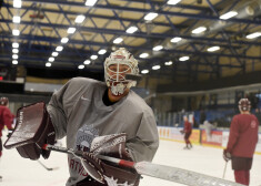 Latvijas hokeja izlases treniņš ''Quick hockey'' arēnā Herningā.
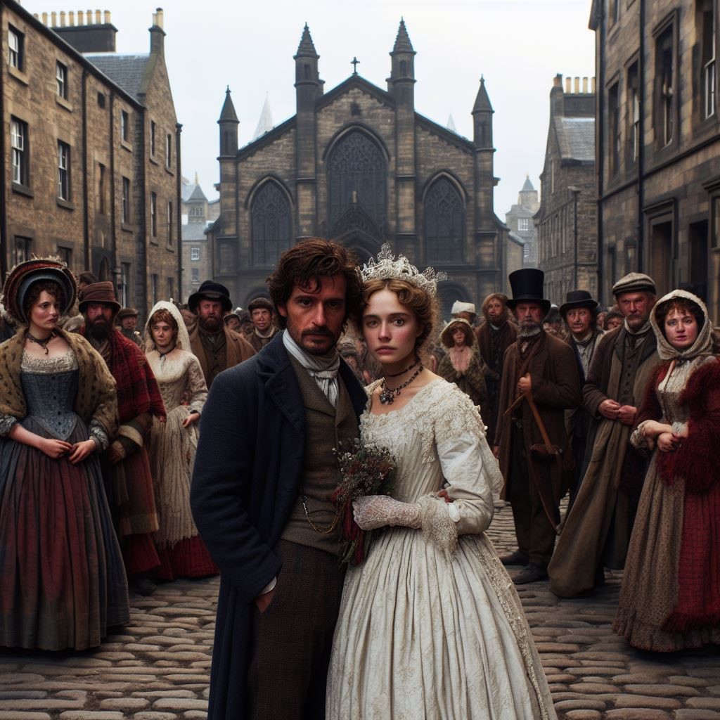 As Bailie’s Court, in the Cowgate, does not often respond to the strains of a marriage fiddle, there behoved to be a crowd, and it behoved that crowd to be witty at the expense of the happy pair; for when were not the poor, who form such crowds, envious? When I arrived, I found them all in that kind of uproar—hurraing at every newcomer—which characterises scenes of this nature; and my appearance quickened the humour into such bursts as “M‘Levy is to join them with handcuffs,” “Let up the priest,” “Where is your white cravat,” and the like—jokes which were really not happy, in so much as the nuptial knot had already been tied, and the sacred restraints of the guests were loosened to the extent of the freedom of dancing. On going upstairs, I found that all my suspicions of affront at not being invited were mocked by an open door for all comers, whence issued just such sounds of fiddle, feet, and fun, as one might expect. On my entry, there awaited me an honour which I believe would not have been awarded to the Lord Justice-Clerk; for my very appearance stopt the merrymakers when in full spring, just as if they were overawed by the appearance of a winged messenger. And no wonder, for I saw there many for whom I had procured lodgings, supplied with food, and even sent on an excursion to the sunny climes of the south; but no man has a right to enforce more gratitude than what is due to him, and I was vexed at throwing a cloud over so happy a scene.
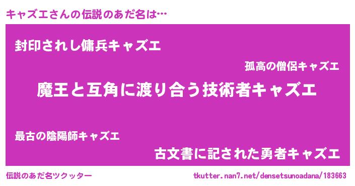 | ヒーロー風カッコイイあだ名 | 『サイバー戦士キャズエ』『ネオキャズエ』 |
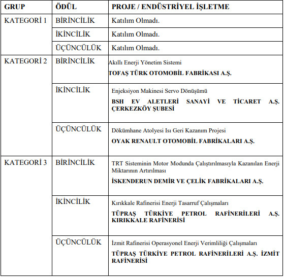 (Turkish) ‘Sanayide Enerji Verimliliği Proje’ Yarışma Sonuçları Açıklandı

---+---

◆ ASSIGNED TASK: All that is needed is the span from the line with "ヒーロー風カッコイイあだ名 | 『サイバー戦士キャズエ』『ネオキャズエ』 |" through the last line of the material above, reproduced exactly and free of pictures.

◆ TASK RESPONSE:
 | ヒーロー風カッコイイあだ名 | 『サイバー戦士キャズエ』『ネオキャズエ』 |
 (Turkish) ‘Sanayide Enerji Verimliliği Proje’ Yarışma Sonuçları Açıklandı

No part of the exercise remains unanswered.